PROVIDED MATERIAL:
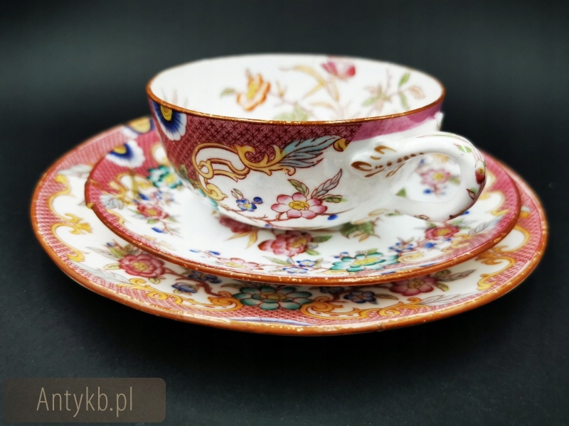 Ми представляємо надзвичайно красиве тріо для сніданку від французької мануфактури Sarreguemines, якою керує родина Казаль. Набір складається з чашки з блюдцем і десертної тарілки, кожна з яких походить з кінця 19 століття, про що свідчить підпис на дні кожної тарілки. Кожен елемент прикрашений красивим, розписаним вручну квітковим візерунком із домінуючим рожевим кольором.
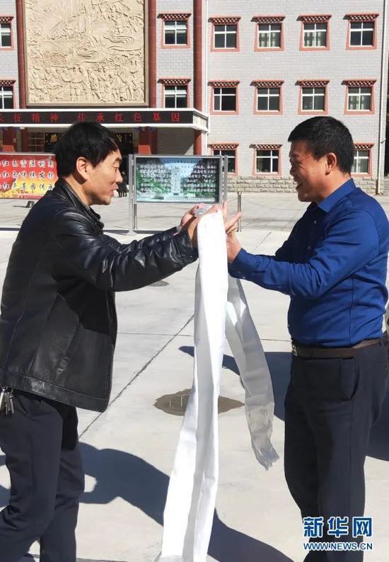 腊子口战役纪念馆工作人员向于都县革命烈士纪念馆馆长黄发斌(右)等人献上哈达(资料照片)。新华社发(于都县革命烈士纪念馆供图)
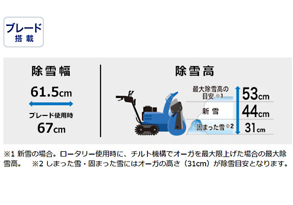 除雪幅 (mm)/ブレード使用時(mm):615/670

PROBLEM DETAILS:
Please retype the listing above word for word, skipping each picture.

ANSWER AREA:
 Ми представляємо надзвичайно красиве тріо для сніданку від французької мануфактури Sarreguemines, якою керує родина Казаль. Набір складається з чашки з блюдцем і десертної тарілки, кожна з яких походить з кінця 19 століття, про що свідчить підпис на дні кожної тарілки. Кожен елемент прикрашений красивим, розписаним вручну квітковим візерунком із домінуючим рожевим кольором.
 腊子口战役纪念馆工作人员向于都县革命烈士纪念馆馆长黄发斌(右)等人献上哈达(资料照片)。新华社发(于都县革命烈士纪念馆供图)
 除雪幅 (mm)/ブレード使用時(mm):615/670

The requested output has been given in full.